Their current struggles include:

  • The design process is too cumbersome to catch all the scenarios.  It is top down, and feedback is not coming early enough in the process.
  • They believe they need to get to rapid prototyping.  They would like to generate user stories, and execute HTML prototyping for review both inside and outside.  In general they need to learn more about what they’re trying to build, earlier. 
  • They are discovering the lines between where we add value and where we need to integrate.  Where should those boundaries be? 

They have a big challenge because they allow total customization.  Similar to the challenges faced by the Salesforce team, it is challenging to think through the variations that a customer might implement – everything from widgets to the individual windows and how they might be organized.  There are now two versions of Jive, one for internal collaboration only, and another product for collaboration outside the firewall.  They are challenged with the complexity now of thinking how the features might need to be handled differently inside and outside the firewall. 

The team also faced some challenges in developing a Rich Text Editor. They heard a ton of feedback from customers (including SAP), saying that editing was too hard, it needs to be easier to engage.  In designing the interface, they had to consider and be explicit about where they do / don’t want it to look and act like a traditional word processor.  There aren’t any good foundations out there.

They currently do usability testing for every release, but it is not formalized.  Last time they tested about twenty people.  They also have communities (executives, developer communities) who are part of their Beta process. 

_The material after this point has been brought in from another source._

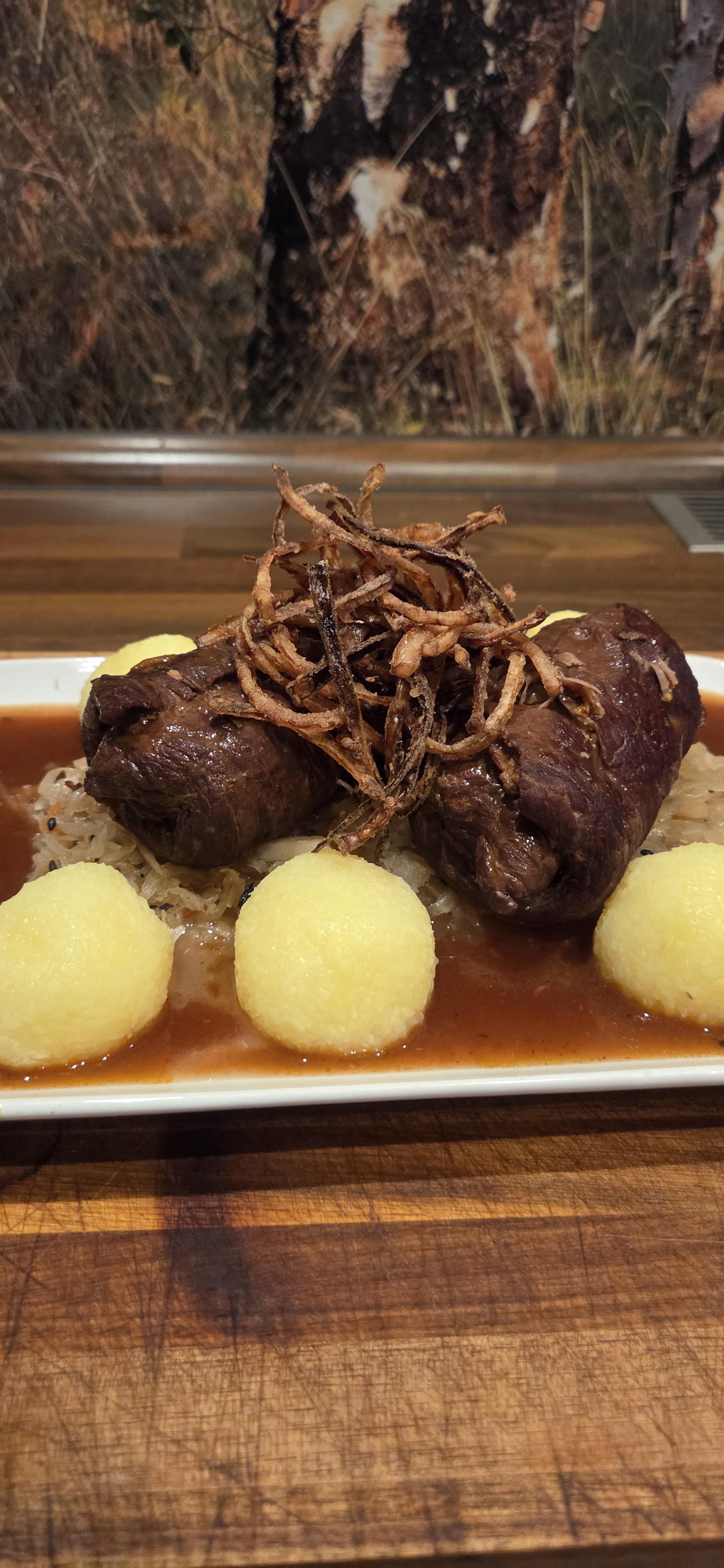 (homemade) Beef roulades in a red wine rum sauce with sauerkraut, Thuringian potato dumplings and fried onions by Obelisk3k Food Porn

Finally, Jive has been exploring the last mile, the tentacle into the backend system.  Which hooks should they put or not put in the product?  If they are going to publish into SharePoint, where is that line?  The UI aspects there still remain to be addressed as well.

Matt Tucker (CTO and Co-founder) provided a demo of the new release, and then we headed into our breakout sessions.  Each session had one of the Jive UI designers, and they captured notes on our discussion.  Those were subsequently posted to the Clearstep workspace, which is Jive’s external forum for their customers and others in their ecosystem. 

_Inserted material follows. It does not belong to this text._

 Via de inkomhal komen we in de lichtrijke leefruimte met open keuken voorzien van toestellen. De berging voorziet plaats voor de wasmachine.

Following the breakouts, we spend some time in ‘unconference’ mode, moderated by Sam and Matt.  We all raised the questions we were interested in exploring further, and then picked one or two to focus on. Some of the questions included:

  • Should there be a virtual geographic center?
  • Information ownership, profile ownership, blurring the lines between enterprise and individual ownership.
  • Micro-sharing
  • Corporate culture and social software.  How to get it to spread, achieve adoption goals.  Challenges, opportunities, and gaps.
  • Best practices for UI UX processes.
  • Context and terminology, and how it relates to horizontal organizations.
  • What is the leap in enterprise UI?  Will it fail, does Enterprise UI have to be boring?

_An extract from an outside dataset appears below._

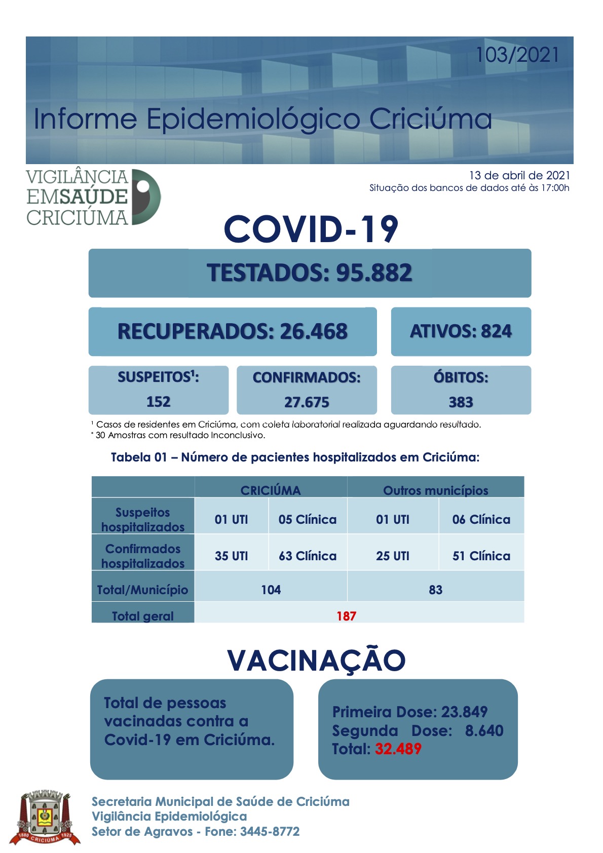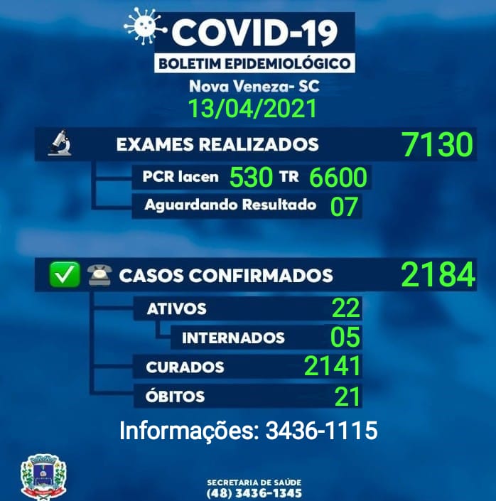Dados não recebidos até a publicação desta matéria, às 21h50 dessa terça-feira, dia 13 de abril de 2021.

Given that Jive had paid to bring us to Aspen because of their UI focus, I pushed hard to cover the fifth and sixth points.  I was really surprised how narrowly they are focused in UI, as opposed to really thinking about Information Architecture and other aspects of User Experience.  I feel strongly that they are going to have to more deeply embed their designer AND developers in a user-centered design (UCD) paradigm if they are going to continue to retain their competitive edge.  Our day ended in a lively discussion about UX processes, best practices, and other related topics. 

  

After having lunch and packing up our things, we headed to the Silver Queen Gondola to get a good view of Aspen from a local summit.  It was a beautiful, beautiful view, although we got hit with a bit of rain on the way back down.  I thought it was a great way to wind down, interact more with other Summit participants, and starting thinking about home.